Avec ses 79 millions d’habitants, dont plus de la moitié âgée de moins de 30 ans, l’Iran est un marché dynamique très convoité par les marques internationales. Une convoitise qui s’effectue au grand jour depuis la levée intégrale en janvier dernier des sanctions qui pesaient sur le pays. Journaliste et consultante franco-iranienne, Nilufar Khalessi, qui a récemment réalisé - avec Coralie Bergdoll pour la partie beauté - une étude payante baptisée « Les nouveaux visages de l’Iran, beauté mode et paradoxes » (The new faces of Iran Beauty, Fashion and Paradoxes) », décrypte pour FashionMag Premium le marché iranien de la beauté et ses particularités.

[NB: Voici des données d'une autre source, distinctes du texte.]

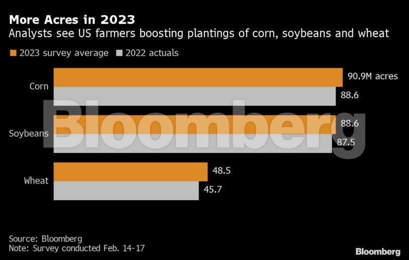 Σύμφωνα με το Bloomberg, οι γεωργοί αναμένεται να σπείρουν περισσότερο καλαμπόκι, σόγια και σίτο σε σχέση με πέρυσι. Παρ’ όλα αυτά, το αμερικανικό Υπουργείο Γεωργίας υπογράμμισε πως τα έσοδα των αγροτών ενδέχεται να μειωθούν κατά 16% το 2023 μετά από μία διετία αυξημένης κερδοφορίας. Τα futures του σίτου στην αγορά του Σικάγο έχουν καταγράψει μείωση μετά από μία χρονιά η οποία χαρακτηρίστηκε από αυξημένη μεταβλητότητα.

Photo du compte Instagram du concept-store de Téhéran M Zone - Instagram


FashionMag :
Aujourd’hui comment se traduit l’ouverture du marché iranien ?
 
Nilufar Khalessi : Les sanctions internationales ont été levées de manière intégrale en janvier dernier à l'issue d'un processus en plusieurs étapes. En revanche, aujourd’hui par exemple, il n’y a toujours pas d’échanges bancaires qui fonctionnent et il reste des choses à mettre en place. Cela prend du temps, surtout après 35 ans d’embargo. Donc si vous me demandez si, à date, c’est la révolution dans la vie des Iraniens, la réponse est non évidemment. Cependant, je reviens de Téhéran et ce qui est vrai, c’est qu’il y a beaucoup plus d’espoir, de « liberté » d’entreprendre, de faire, les choses sont beaucoup plus fluides dans l’esprit des gens et dans la pratique. Et cela plus particulièrement dans les secteurs de la beauté et de la mode, qui se portent bien depuis un petit moment déjà.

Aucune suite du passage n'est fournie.